§ WHAT THE EXERCISE ASKS: Among the entries below, please repeat exactly and only the lines from the line containing "輸出用ダイヤモンド付き蝶型丸" to the line containing "of human-AI interactions.", both lines included.

§ PROVIDED DATA:
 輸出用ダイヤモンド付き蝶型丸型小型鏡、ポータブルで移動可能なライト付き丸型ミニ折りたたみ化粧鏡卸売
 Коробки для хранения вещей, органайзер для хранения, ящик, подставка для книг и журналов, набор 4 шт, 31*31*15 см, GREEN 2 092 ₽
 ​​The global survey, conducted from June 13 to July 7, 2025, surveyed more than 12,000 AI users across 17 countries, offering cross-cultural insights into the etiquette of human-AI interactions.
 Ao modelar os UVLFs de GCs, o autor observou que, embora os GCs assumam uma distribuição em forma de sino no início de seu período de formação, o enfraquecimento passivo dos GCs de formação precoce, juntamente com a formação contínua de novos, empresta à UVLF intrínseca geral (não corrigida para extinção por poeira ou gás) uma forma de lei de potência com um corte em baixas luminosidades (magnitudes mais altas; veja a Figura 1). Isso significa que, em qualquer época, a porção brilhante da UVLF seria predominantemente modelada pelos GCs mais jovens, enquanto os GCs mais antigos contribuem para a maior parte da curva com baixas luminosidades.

* * *

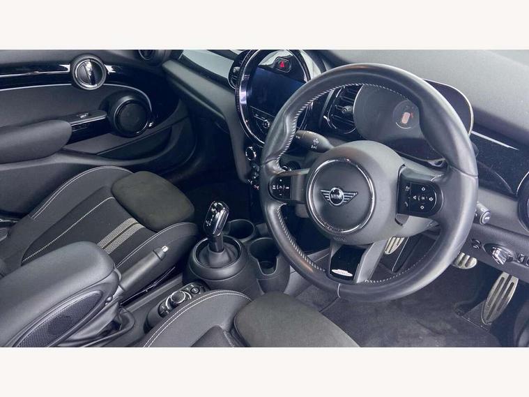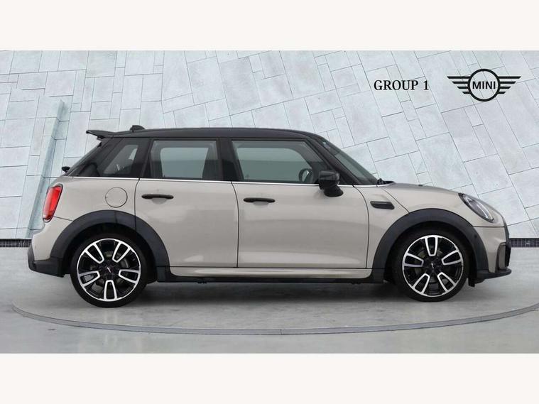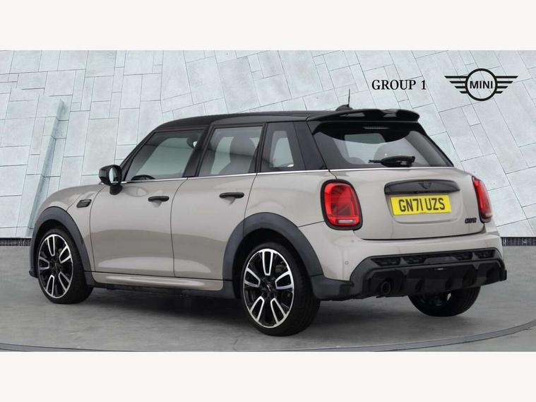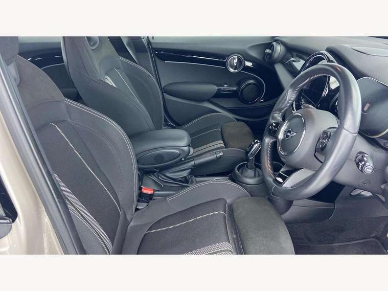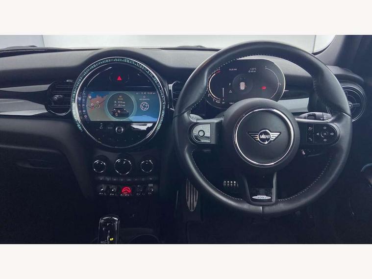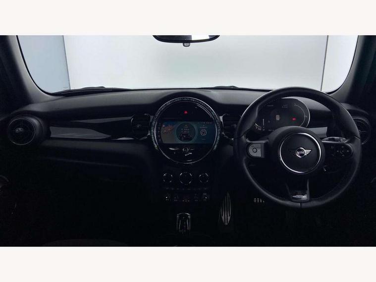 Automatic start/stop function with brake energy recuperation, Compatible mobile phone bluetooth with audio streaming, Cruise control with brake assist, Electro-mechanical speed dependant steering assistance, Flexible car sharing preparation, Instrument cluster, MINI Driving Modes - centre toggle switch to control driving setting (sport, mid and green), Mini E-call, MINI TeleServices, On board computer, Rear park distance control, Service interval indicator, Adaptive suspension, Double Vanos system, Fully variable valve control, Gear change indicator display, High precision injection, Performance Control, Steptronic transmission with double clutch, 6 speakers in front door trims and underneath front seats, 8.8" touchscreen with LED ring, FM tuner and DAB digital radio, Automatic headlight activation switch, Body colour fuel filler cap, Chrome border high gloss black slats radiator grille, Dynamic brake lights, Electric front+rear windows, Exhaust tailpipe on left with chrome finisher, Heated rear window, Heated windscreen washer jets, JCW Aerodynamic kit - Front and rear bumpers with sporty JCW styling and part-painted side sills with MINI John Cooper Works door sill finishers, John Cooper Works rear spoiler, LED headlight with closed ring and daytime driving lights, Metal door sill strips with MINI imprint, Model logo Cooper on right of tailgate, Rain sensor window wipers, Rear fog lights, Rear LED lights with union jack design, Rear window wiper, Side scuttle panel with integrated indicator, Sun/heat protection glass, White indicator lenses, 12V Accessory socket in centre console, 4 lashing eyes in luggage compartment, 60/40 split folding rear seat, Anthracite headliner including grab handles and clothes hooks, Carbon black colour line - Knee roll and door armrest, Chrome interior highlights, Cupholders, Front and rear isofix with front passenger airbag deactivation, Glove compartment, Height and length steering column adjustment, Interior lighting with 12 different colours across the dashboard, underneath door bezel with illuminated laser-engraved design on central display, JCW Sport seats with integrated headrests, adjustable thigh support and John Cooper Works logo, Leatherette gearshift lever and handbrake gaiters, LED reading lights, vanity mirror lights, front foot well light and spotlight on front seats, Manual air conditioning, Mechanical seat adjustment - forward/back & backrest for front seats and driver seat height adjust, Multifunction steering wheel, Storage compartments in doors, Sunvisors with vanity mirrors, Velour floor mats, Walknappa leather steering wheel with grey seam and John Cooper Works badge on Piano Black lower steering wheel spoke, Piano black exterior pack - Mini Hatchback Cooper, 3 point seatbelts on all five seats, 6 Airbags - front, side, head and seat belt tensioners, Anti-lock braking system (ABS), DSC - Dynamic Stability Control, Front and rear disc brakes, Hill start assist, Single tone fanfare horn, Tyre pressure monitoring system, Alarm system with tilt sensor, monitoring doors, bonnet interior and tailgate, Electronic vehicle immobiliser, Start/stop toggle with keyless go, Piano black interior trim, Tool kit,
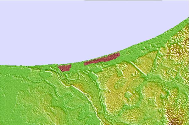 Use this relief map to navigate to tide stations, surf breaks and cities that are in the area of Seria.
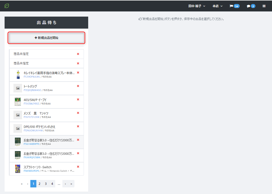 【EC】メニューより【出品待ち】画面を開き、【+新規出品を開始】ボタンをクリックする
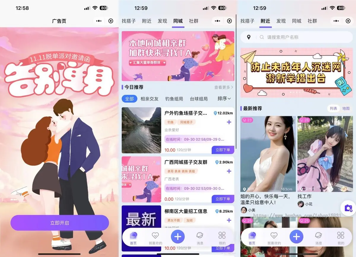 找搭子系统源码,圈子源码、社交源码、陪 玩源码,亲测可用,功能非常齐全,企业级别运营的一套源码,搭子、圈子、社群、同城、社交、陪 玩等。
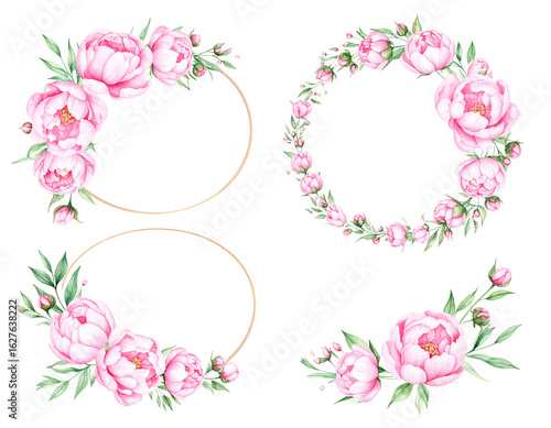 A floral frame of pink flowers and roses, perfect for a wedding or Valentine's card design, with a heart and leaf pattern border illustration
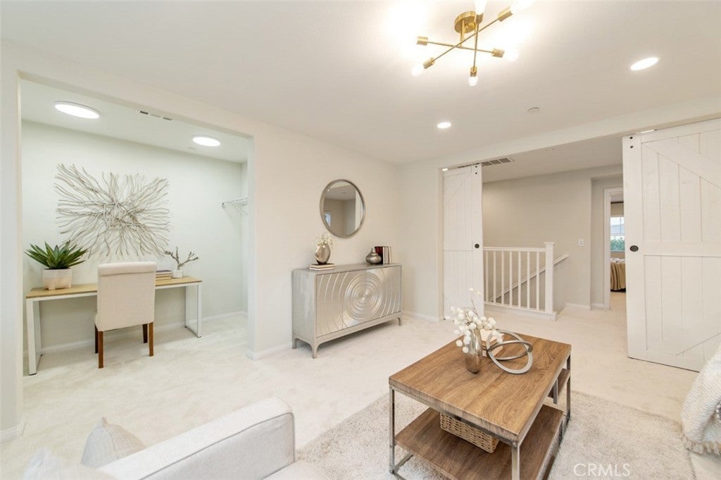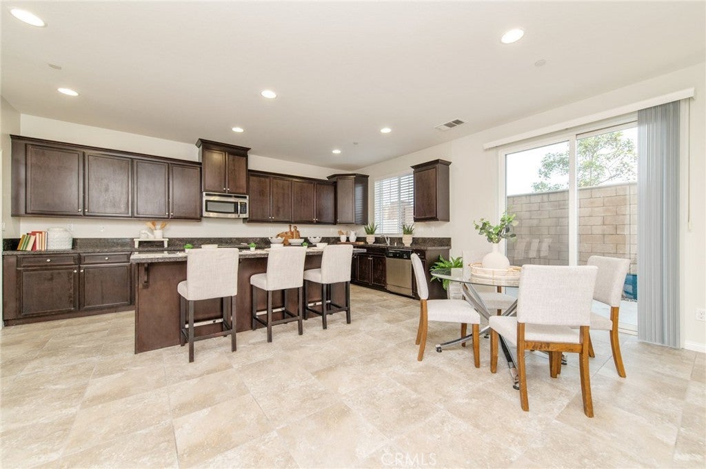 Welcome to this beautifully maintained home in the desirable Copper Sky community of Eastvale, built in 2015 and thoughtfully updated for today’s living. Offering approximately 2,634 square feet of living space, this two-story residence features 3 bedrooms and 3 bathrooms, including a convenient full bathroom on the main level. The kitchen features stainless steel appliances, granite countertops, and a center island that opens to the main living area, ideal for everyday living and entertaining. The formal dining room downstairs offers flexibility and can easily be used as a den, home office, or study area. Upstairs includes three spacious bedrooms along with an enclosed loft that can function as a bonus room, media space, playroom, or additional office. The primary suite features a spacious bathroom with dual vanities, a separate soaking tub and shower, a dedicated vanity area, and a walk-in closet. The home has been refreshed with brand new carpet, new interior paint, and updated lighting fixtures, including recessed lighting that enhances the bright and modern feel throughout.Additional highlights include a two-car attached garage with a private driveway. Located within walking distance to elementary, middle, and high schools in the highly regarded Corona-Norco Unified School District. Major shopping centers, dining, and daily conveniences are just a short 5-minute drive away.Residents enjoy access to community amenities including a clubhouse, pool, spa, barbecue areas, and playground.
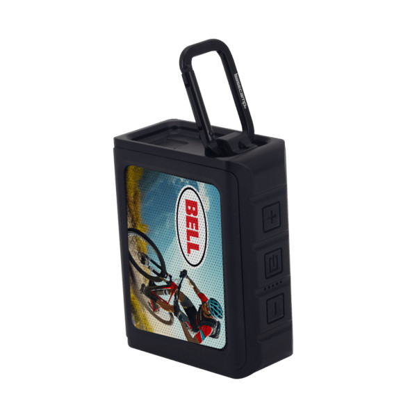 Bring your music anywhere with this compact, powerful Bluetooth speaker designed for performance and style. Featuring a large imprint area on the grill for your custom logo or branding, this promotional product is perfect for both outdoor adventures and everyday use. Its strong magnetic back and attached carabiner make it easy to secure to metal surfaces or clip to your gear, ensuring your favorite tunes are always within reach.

§ EXERCISE RESULT:
 輸出用ダイヤモンド付き蝶型丸型小型鏡、ポータブルで移動可能なライト付き丸型ミニ折りたたみ化粧鏡卸売
 Коробки для хранения вещей, органайзер для хранения, ящик, подставка для книг и журналов, набор 4 шт, 31*31*15 см, GREEN 2 092 ₽
 ​​The global survey, conducted from June 13 to July 7, 2025, surveyed more than 12,000 AI users across 17 countries, offering cross-cultural insights into the etiquette of human-AI interactions.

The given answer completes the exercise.